• **Exercise description**
Repeat the span of the entries below that starts at the line with "A beige plastic" and ends at the line with "Групповая динамика. Теория", nothing more. Skip the pictures.

• **Dataset**
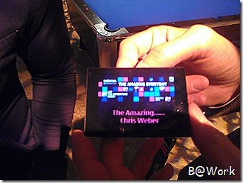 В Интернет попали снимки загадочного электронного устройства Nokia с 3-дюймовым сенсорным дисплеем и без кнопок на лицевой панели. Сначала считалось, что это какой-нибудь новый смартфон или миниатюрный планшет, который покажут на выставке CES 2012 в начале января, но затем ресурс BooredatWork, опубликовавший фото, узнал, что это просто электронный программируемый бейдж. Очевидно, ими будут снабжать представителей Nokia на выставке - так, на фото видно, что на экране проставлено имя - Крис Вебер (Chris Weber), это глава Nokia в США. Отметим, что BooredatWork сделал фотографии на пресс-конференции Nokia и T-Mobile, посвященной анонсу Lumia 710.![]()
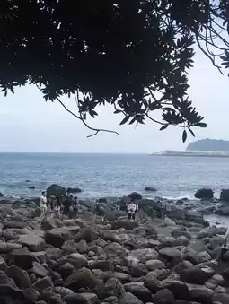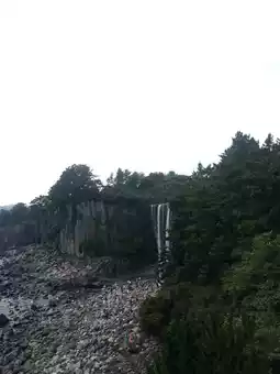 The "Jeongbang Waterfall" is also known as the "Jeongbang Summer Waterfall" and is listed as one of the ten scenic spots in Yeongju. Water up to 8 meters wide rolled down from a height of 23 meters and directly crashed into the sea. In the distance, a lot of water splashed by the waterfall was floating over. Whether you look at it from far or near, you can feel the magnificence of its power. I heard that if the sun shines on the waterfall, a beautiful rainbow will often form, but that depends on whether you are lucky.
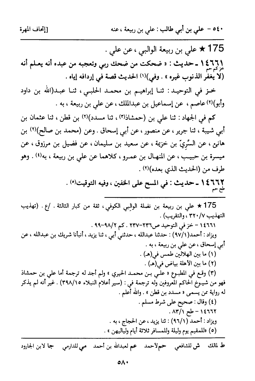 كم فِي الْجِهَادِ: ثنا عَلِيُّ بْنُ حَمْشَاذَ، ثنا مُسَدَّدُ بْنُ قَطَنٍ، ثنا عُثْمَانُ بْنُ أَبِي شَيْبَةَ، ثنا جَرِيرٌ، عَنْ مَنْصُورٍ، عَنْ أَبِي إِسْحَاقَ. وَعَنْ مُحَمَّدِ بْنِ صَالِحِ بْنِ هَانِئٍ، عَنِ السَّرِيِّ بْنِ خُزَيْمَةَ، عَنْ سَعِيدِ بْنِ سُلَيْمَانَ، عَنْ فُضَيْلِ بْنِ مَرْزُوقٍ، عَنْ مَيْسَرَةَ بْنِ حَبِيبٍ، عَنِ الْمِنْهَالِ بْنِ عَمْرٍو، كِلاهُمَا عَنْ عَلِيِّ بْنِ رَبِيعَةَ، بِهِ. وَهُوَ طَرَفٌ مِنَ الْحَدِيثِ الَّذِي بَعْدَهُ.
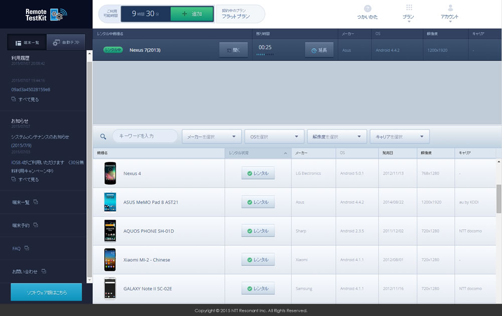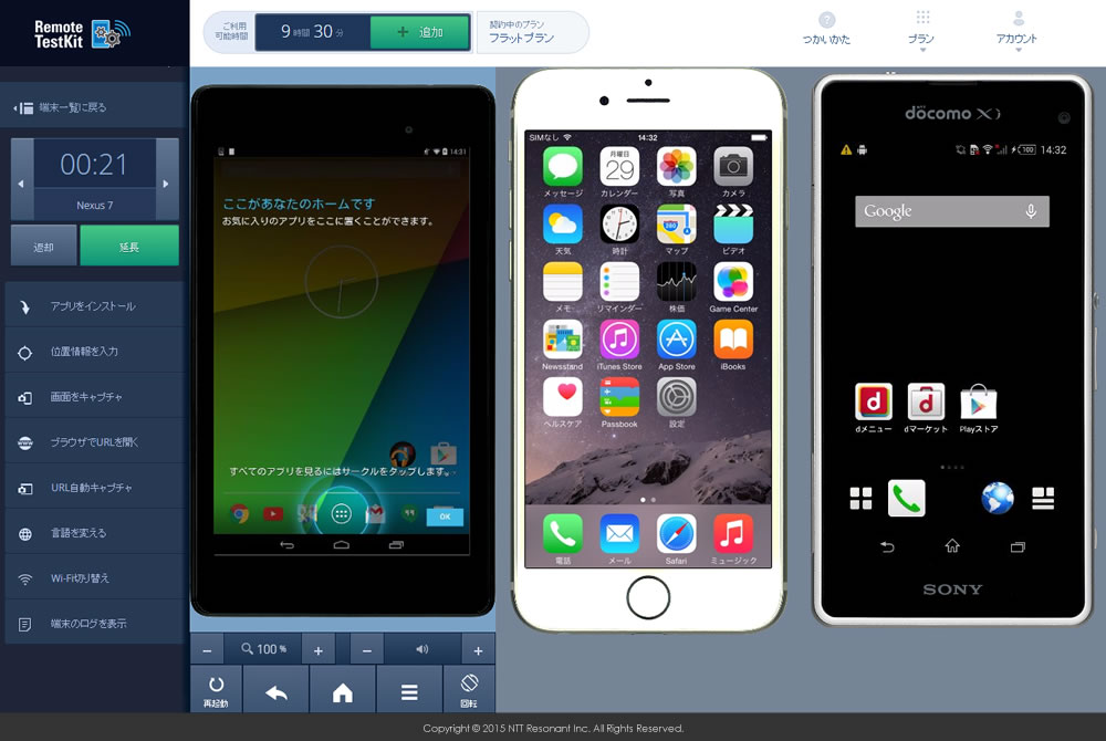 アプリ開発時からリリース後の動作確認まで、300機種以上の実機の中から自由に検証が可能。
...
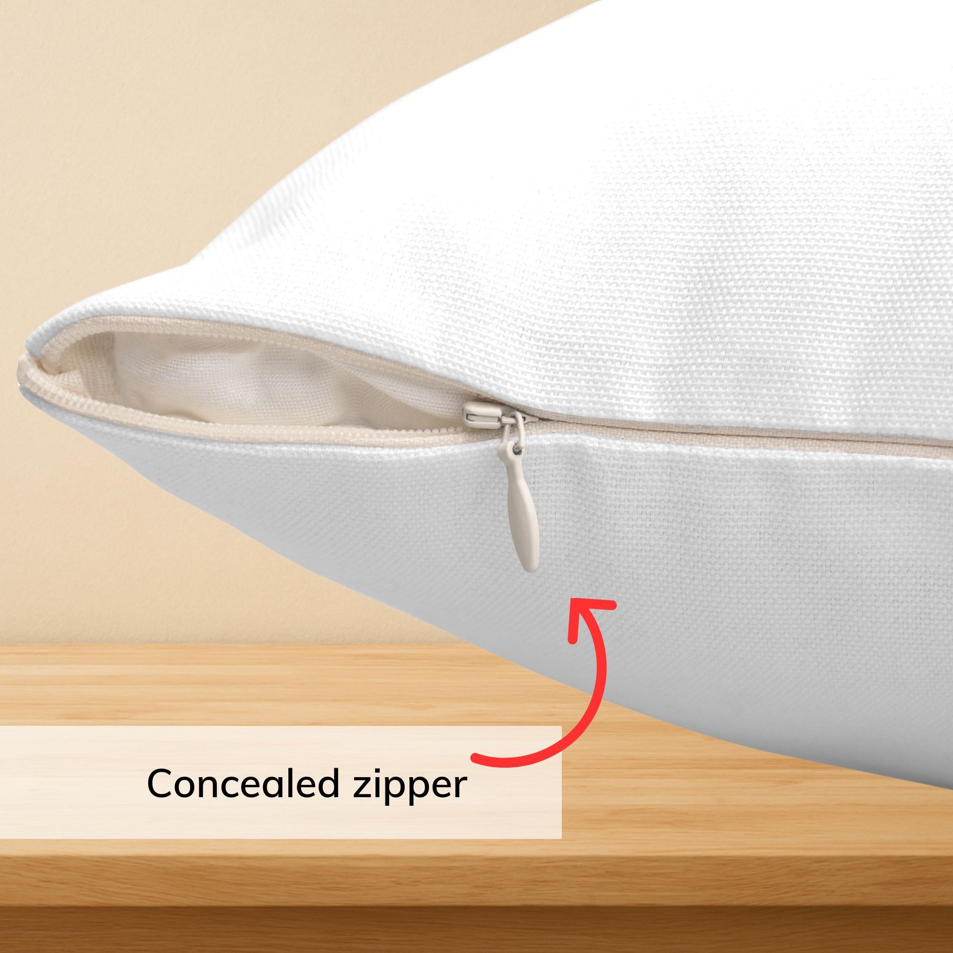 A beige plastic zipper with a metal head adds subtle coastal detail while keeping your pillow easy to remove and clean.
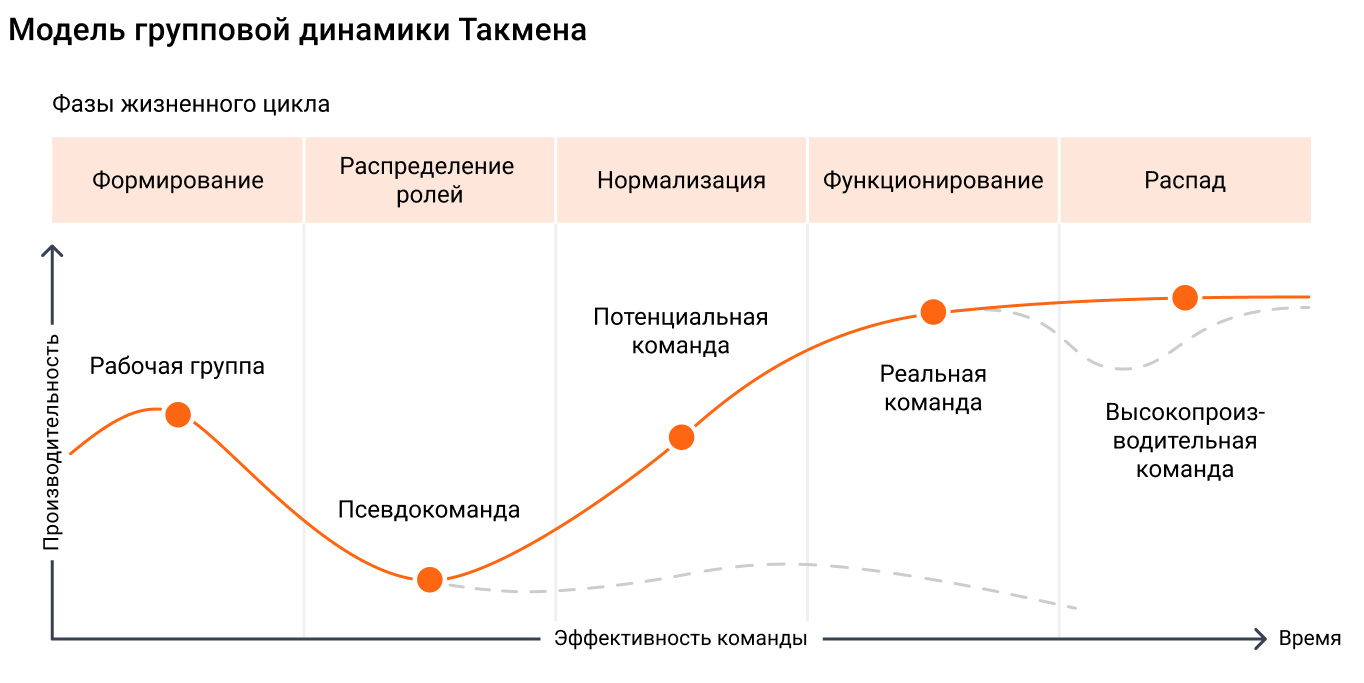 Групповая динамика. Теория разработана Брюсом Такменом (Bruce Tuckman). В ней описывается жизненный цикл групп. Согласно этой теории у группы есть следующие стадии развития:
---
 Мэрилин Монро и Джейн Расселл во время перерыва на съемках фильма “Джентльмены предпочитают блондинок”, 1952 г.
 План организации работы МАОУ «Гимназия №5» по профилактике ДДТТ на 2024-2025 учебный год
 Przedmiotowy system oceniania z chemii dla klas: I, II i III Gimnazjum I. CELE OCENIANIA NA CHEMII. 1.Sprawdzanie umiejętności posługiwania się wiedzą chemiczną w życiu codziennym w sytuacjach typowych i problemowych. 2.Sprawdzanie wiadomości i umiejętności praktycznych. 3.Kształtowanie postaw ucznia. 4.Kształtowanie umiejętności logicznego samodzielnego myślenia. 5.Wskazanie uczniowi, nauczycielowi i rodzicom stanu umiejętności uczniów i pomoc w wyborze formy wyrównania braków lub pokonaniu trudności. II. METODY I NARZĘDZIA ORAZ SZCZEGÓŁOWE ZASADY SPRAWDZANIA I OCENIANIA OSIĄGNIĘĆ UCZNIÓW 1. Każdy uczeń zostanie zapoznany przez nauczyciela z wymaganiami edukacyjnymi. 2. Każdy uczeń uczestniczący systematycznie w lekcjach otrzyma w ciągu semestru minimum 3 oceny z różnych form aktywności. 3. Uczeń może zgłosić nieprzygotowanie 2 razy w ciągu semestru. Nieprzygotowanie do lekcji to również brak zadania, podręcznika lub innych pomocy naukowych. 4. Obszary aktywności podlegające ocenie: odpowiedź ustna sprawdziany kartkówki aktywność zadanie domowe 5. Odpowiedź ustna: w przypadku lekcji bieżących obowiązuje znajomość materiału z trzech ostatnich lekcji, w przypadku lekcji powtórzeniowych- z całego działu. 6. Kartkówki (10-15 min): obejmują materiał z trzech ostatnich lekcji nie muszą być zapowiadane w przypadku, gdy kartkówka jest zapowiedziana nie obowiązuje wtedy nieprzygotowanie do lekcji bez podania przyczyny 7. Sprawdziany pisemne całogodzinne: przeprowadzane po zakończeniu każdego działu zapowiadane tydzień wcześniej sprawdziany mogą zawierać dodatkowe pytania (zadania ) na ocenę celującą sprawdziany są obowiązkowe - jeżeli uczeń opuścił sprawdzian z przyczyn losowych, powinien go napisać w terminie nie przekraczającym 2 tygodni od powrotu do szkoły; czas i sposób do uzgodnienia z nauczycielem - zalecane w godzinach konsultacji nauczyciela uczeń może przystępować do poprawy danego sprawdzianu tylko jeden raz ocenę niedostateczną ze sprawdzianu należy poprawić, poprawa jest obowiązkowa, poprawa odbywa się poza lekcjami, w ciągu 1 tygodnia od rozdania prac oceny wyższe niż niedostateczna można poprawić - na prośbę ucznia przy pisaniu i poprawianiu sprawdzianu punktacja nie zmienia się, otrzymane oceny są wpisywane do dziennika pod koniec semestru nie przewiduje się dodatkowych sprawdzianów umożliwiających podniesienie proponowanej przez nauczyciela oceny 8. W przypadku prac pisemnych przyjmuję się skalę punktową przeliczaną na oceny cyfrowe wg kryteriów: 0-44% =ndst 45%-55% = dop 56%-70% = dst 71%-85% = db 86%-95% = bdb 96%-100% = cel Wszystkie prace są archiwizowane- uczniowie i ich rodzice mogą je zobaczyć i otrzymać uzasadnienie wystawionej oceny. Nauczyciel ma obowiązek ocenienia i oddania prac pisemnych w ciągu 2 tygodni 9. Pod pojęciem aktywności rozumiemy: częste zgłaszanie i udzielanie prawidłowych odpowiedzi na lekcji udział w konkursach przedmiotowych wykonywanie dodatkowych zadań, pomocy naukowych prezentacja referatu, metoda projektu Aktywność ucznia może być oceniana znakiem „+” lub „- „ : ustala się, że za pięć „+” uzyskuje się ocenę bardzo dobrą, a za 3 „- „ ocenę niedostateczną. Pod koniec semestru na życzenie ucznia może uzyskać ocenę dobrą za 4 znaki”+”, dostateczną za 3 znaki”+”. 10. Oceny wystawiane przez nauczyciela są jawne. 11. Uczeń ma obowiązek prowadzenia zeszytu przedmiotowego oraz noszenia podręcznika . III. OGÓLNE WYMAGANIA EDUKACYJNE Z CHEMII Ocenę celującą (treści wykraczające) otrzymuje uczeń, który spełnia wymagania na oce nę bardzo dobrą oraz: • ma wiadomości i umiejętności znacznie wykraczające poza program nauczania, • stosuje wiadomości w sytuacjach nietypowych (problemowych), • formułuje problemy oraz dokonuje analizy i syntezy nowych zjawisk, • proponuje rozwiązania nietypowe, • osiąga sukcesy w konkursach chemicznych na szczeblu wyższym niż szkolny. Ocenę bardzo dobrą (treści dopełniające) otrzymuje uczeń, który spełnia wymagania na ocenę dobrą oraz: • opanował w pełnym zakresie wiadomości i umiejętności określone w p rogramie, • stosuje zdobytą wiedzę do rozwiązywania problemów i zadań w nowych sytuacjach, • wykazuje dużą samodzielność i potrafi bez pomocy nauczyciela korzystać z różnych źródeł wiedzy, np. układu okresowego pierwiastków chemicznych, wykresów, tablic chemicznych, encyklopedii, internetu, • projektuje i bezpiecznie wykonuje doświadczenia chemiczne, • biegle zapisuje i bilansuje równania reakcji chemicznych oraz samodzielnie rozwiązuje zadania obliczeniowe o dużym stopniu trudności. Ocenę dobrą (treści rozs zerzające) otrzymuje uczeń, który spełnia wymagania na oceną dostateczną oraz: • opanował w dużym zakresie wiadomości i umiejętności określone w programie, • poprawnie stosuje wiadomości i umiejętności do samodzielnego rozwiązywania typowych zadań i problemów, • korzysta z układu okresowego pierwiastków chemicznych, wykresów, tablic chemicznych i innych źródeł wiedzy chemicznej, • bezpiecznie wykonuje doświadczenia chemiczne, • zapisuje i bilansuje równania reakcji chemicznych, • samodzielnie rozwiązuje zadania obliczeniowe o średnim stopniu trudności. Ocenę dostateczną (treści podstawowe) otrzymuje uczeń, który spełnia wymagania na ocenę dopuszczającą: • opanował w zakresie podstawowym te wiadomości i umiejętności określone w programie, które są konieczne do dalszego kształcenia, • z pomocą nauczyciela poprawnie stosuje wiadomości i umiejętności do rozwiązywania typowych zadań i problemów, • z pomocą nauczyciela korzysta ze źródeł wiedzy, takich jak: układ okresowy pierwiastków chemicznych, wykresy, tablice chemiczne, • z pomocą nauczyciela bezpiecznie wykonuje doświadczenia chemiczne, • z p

• **Answer to this exercise**
 A beige plastic zipper with a metal head adds subtle coastal detail while keeping your pillow easy to remove and clean.
 Групповая динамика. Теория разработана Брюсом Такменом (Bruce Tuckman). В ней описывается жизненный цикл групп. Согласно этой теории у группы есть следующие стадии развития:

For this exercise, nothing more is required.